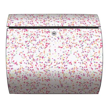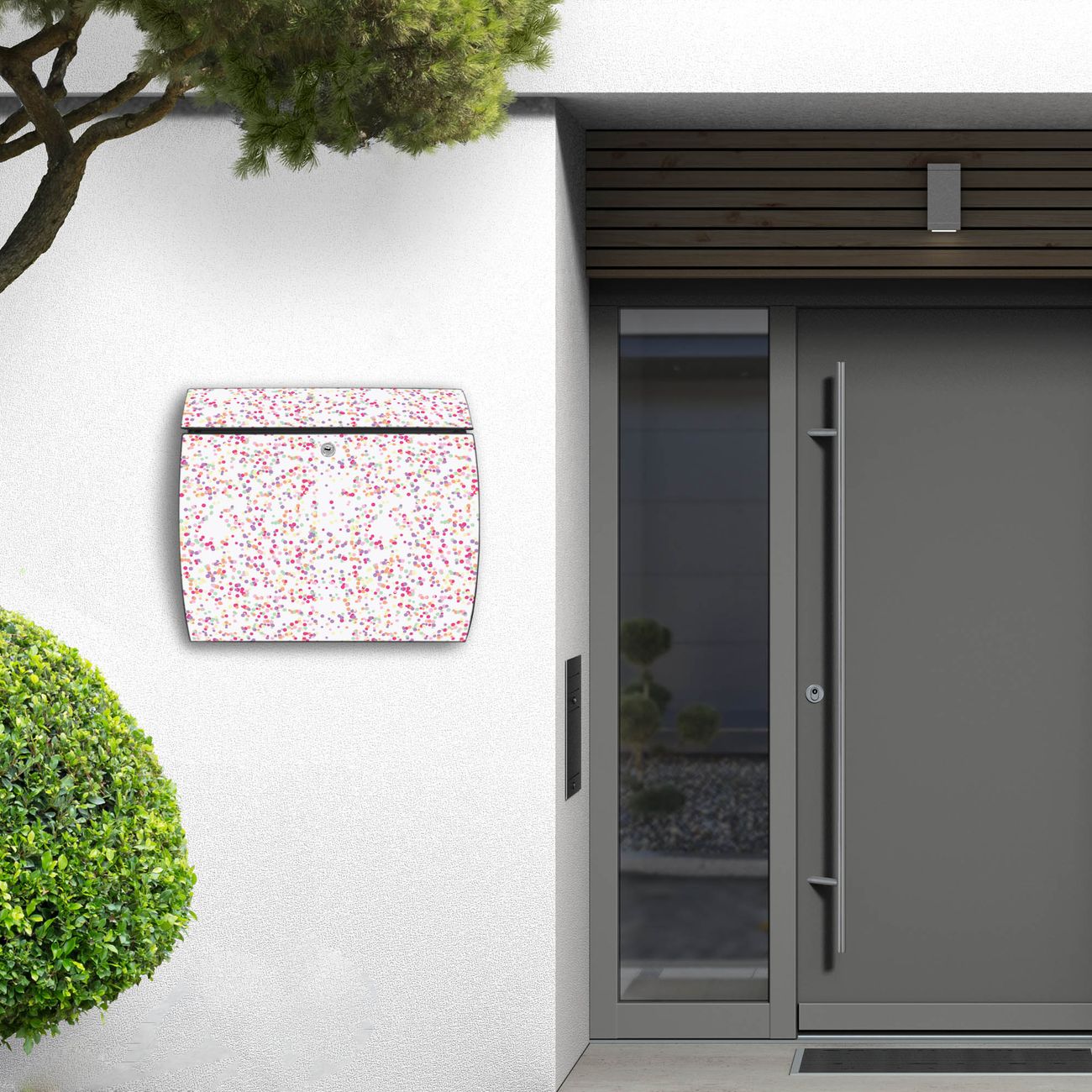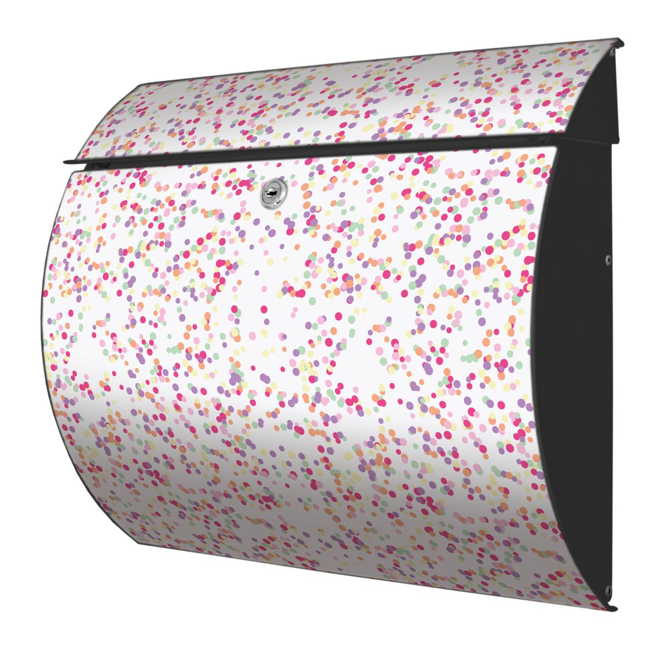 Der geschwungene Burg Wächter Briefkasten Toscana mit Motiv Konfettiregen bietet Ihnen mit seinem großen Fassungsvermögen genügend Platz auch für große A4 Sendungen. Auf Wunsch können Sie bei uns den passenden Standfuß bestellen und so aus dem Wandbriefkasten einen Standbriefkasten machen. Der integrierte Öffnungsstopp ermöglicht eine einfache Handhabung beim Entnehmen der Post.
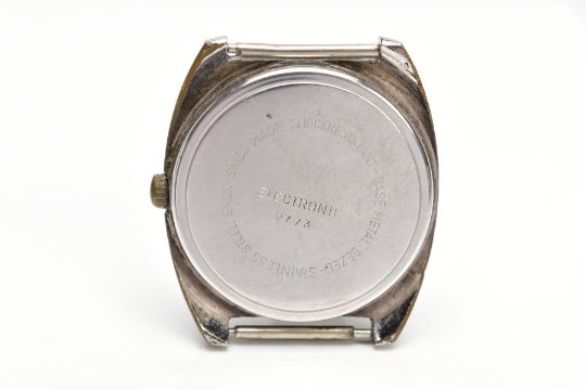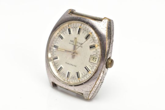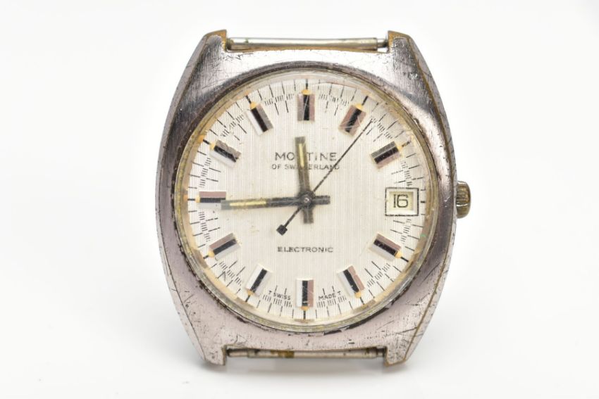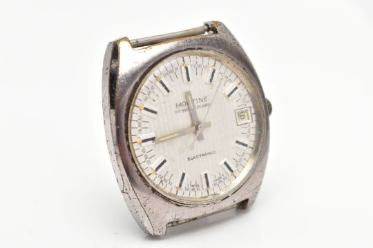 A MONTINE ELECTRONIC WRISTWATCH, featuring a silvered dial with a lineal design, baton markers and date window at three o'clock, curved case, approximate case width 36mm, numbered to the back 2773
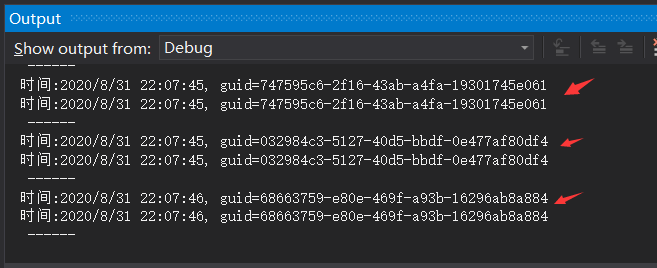前面大家也看到了,要么作用域是整个进程,要么作用域是一个请求,而这里的 Transient 就没有作用域概念了,注入一次 实例化一次,不信的话上代码给你看呗。
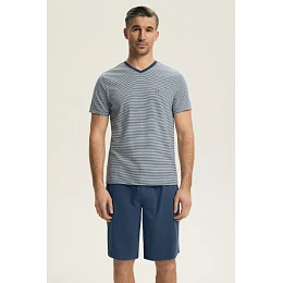 Mužské pyžamo je stylový a pohodlný set, který se skvěle hodí jak k spaní, tak k domácímu relaxaci. Moderní střih spojuje pohodlí s estetikou, zdůrazňuje postavu a poskytuje volnost pohybu. Tričko s krátkým rukávem je navrženo s výstřihem typu V, což mu dodává lehkost a více přizpůsobený charakter. Střih jemně zdůrazňuje postavu, zachovávajíce přitom pohodlí nošení každý den. K setu jsou přiloženy krátké šortky po kolena, udržované v uvolněném, pohodlném střihu. Vyrobené z měkké a prodyšné látky zajišťují dostatečnou cirkulaci vzduchu a pohodlí, zejména v teplejších dnech. Elastický pásek a nastavitelná šňůrka umožňují ideální přizpůsobení postavě. To je skvělá volba pro muže, kteří oceňují pohodlí, funkčnost a moderní vzhled.
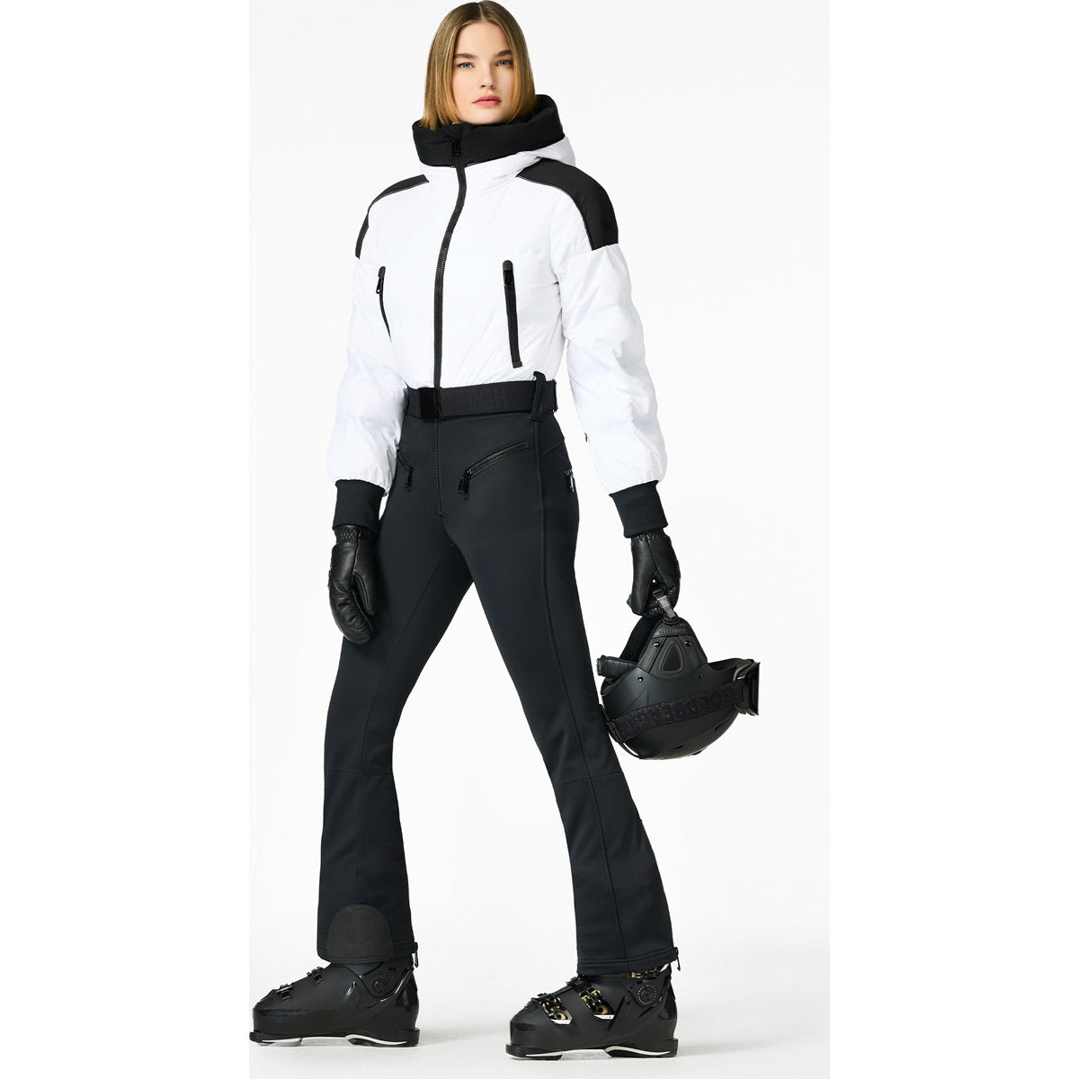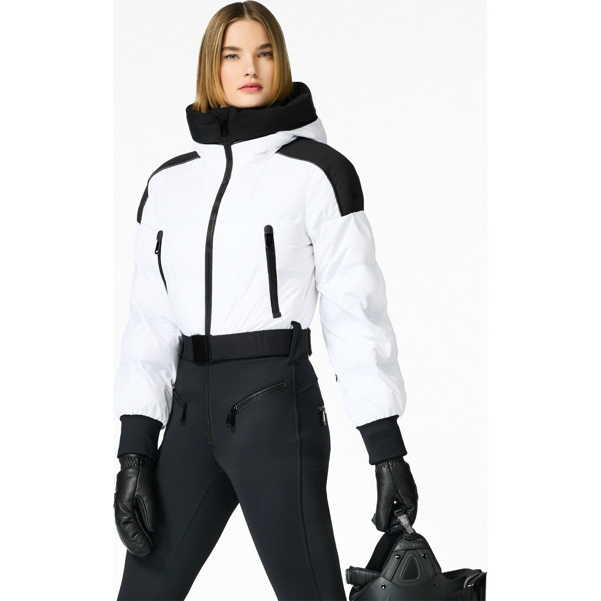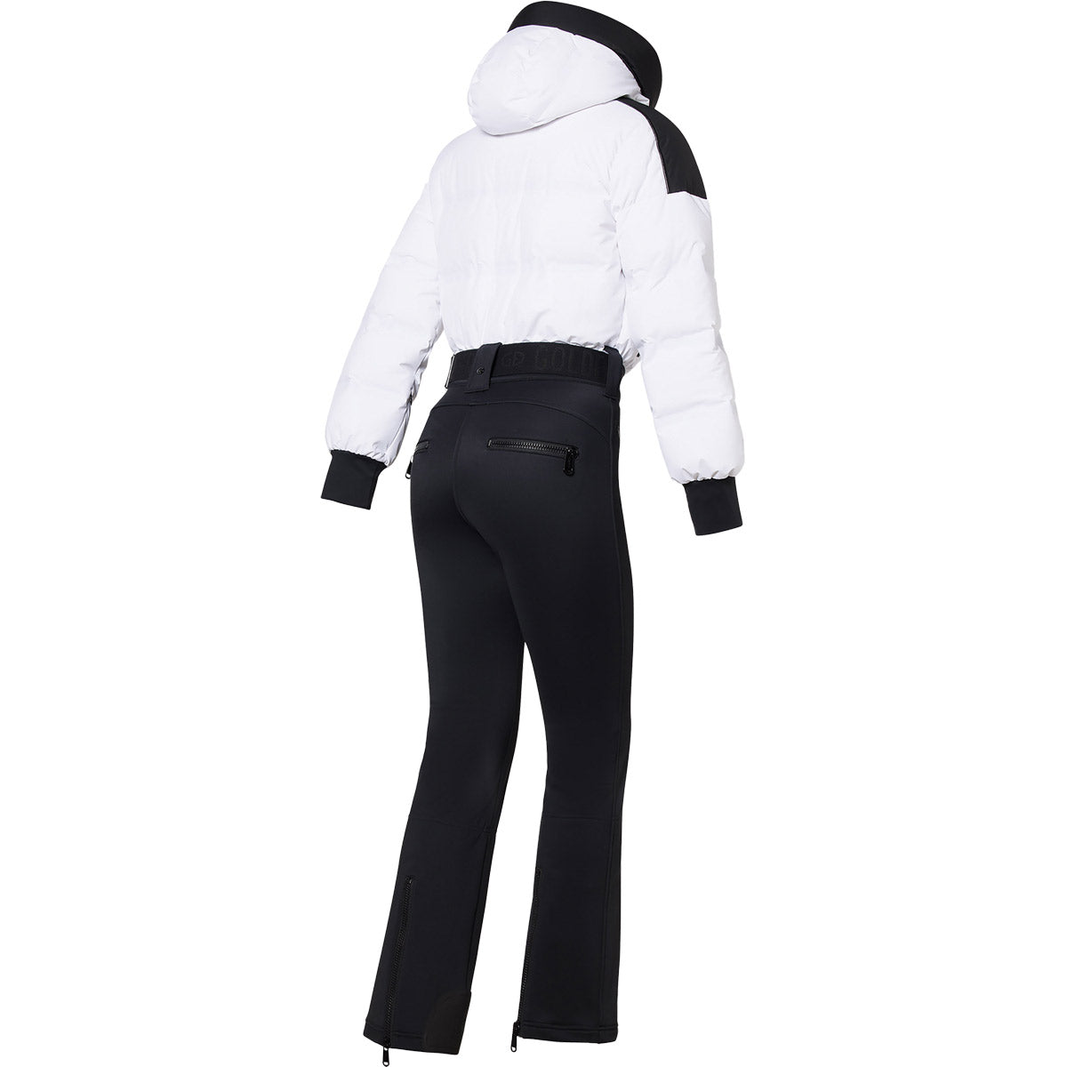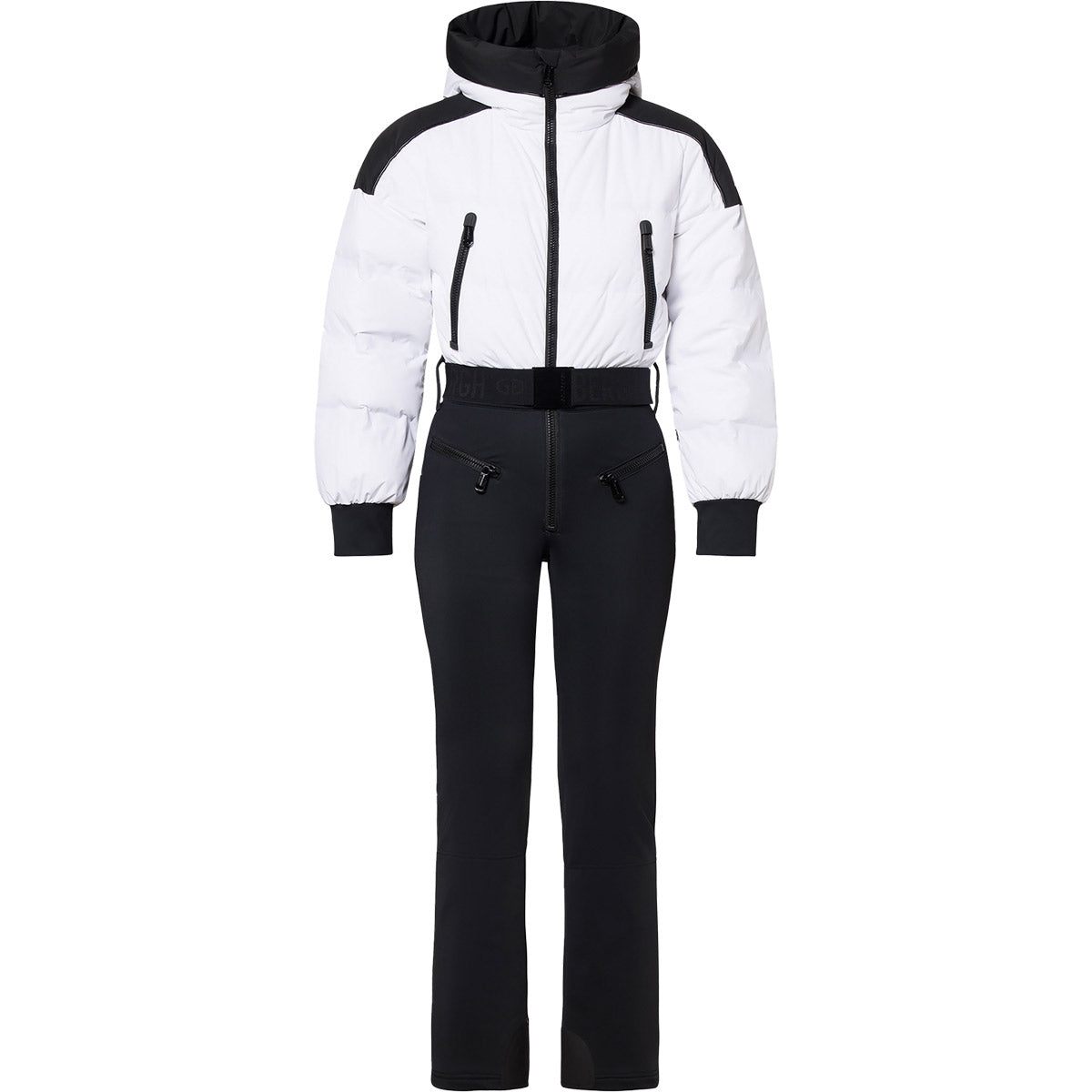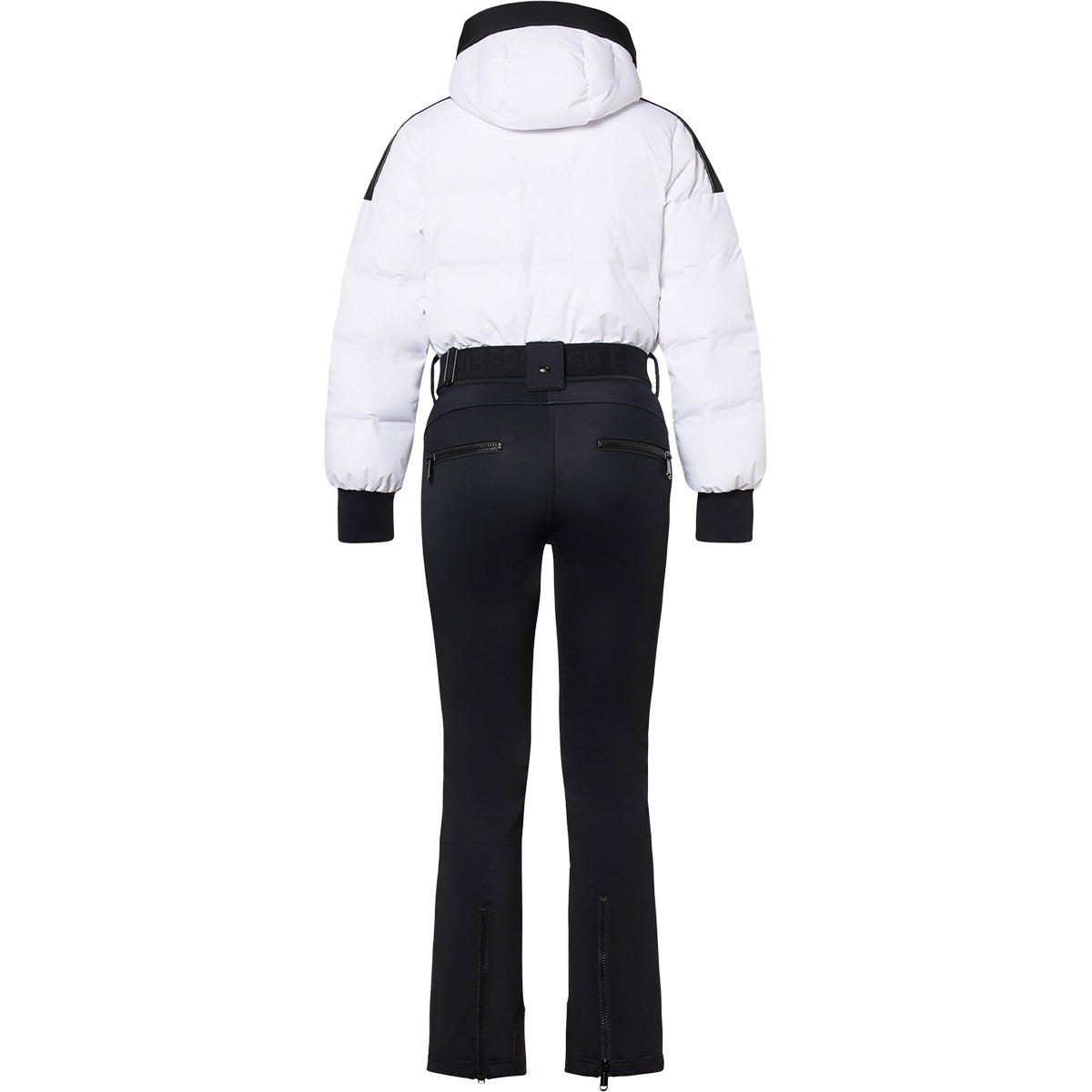 Mono de esquí con parte superior de plumón, capucha y cinturón
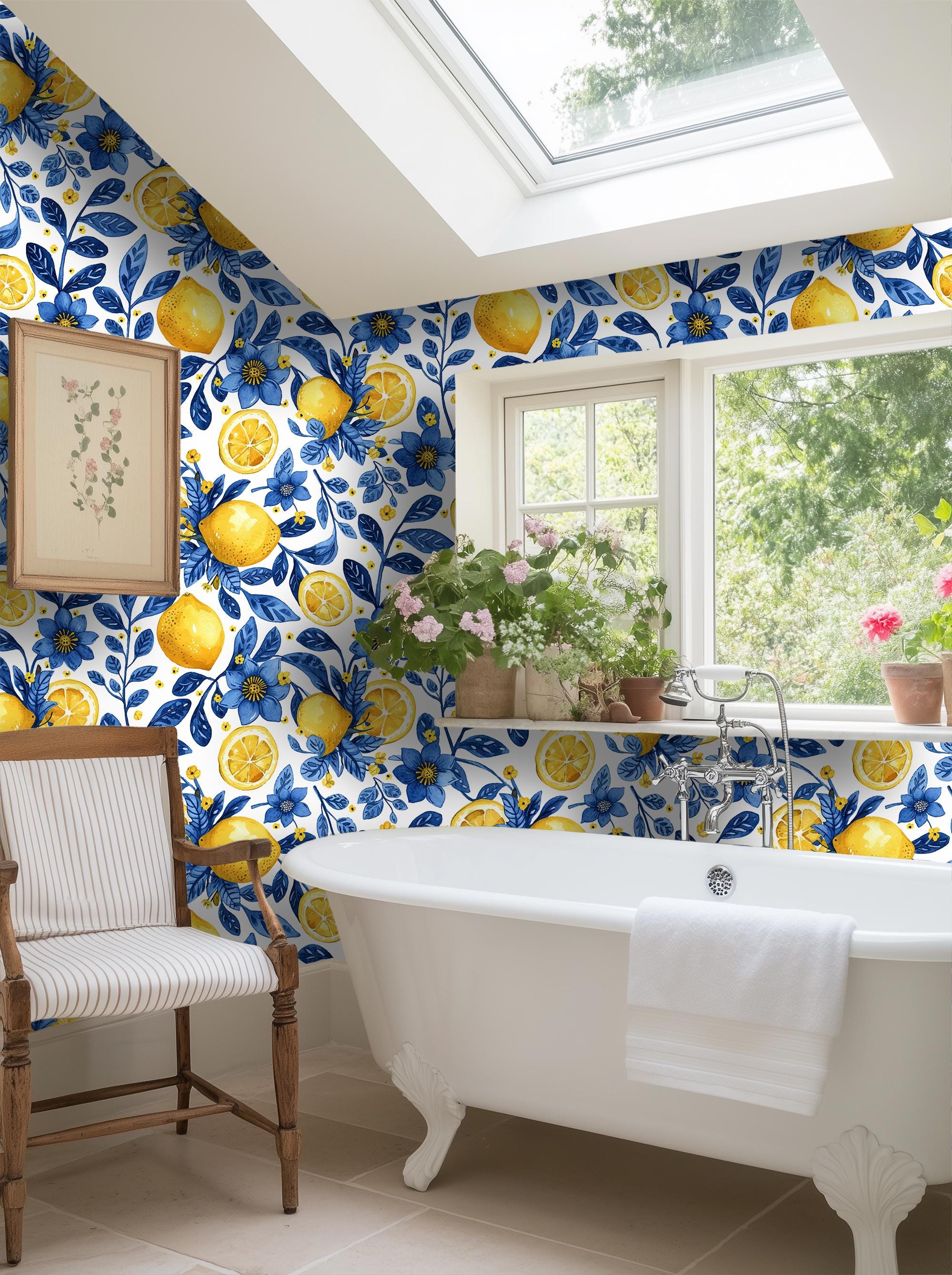 Lemon Floral Wallpaper,Citrus Mural Peel and Stick,Blue Yellow Tiles wall Decor,Mediterranean Summer...

==*==

With pictures omitted, copy exactly the lines from the one containing "Mono de esquí" through the final line of the listing, both included.

**Completed task:**
 Mono de esquí con parte superior de plumón, capucha y cinturón
 Lemon Floral Wallpaper,Citrus Mural Peel and Stick,Blue Yellow Tiles wall Decor,Mediterranean Summer...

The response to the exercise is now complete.